Esta oposição mundo/eternidade prolonga-se na exposição minuciosa dos doze enganos do mundo, com ressaibos de crítica social profunda: o sábio que não vive como ensina; o velho sem religião; o jovem sem reverência; o rico que não dá esmola; a mulher sem vergonha; o senhor sem virtude; o cristão contencioso; o pobre revoltado; o rei injusto; o bispo negligente; o povo indisciplinado; os que vivem sem lei.
Outro dos temas fortes da nossa espiritualidade medieval de influência bernardina é o do confronto das letras humanas com a sabedoria dos que apenas crêem, lembrando o dito de S. Bernardo, «a minha filosofia consiste em conhecer é Jesus, e Jesus crucificado», que muito se repercute também nesta obra. Por isso, para o nosso monge, os «filósofos de Deus» são todos os que se salvarem no dia do derradeiro juízo.
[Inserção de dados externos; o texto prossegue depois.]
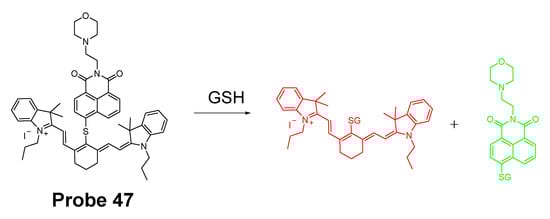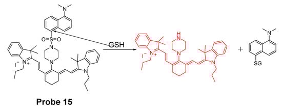 Fluorophores with emission in red or near NIR region have the advantages of low fluorescence background, deeper penetration, and less damages to live cells or tissues [86,87]. In 2014, a cyanine-based fluorescent probe (Probe 15, Figure 14) for highly selective detection of GSH in cells and live mouse tissues have been reported by Jun Yin et al. [88]. The probe utilizes a 5-(dimethylamino)naphthalenesulfonamide group for highly selective detection of GSH over Cys and Hcy. In vitro cellular experiments with HeLa cells proved that the probe was capable of monitoring GSH in live cells. When the cells were pretreated with N-methylmaleimide (NMM, a thiol-blocking agent) followed by treatment with the probe, it showed no red fluorescence while strong fluorescence was observed when no NMM was used confirming that the probe was detecting thiols. In addition, only a minor change of fluorescence intensity was observed when Cys (100 μM) or Hcy (100 μM) was used to the NMM-pretreated HeLa cells. In contrast, significant red fluorescence emission was observed when GSH (100 μM) was added suggesting that the probe can selectively detect GSH in the presence of Cys or Hcy. The probe was successfully applied for monitoring the GSH levels in mouse tissues such as liver, kidney, lung, and spleen.

Em comparação com a filosofia de Aristóteles e de Platão, vinca o autor a superioridade da sabedoria dos apóstolos, que acima de tudo ensinaram a viver, sem os rebuscados argumentos dos lógicos, numa sabedoria mais alta que trilha os caminhos da contemplação e da santidade. No entanto, não se encontra neste livro um anti-filosofismo vincado, mas sobretudo a ideia muito sublinhada por Santo Agostinho ao considerar que toda a verdade é cristã e que por isso também nos livros dos filósofos antigos se deveria distinguir a peçonha da triaga, considerando esta última como cristã, por radicar até então nas mãos de injustos possuidores. Portanto, o que estava em causa não era tanto a condenação da filosofia, pois que radica em Jesus Cristo, como fonte da verdade, mas a condenação de um saber que se faz sem ele ou contra ele, recusando uma aliança com a virtude, nomeadamente com a humildade, a única que lhe dará sentido e finalidade, no quadro de uma concepção do homem que tem a sua razão de ser num Deus transcendente e criador: «sçiençia sem virtude nõ he digna de ser nomeada sabedoria».
Obras
Horto do Esposo, Códice Alcobacense CCLXXIII.
Bibliografia
Mário Martins, «À volta do "Horto do Esposo"», em Estudos de Literatura Medieval, Braga, 1956, cap. XXXII; id., «A filosofia do homem e da cultura no Horto do Esposo», em ibid., cap. XXXIII.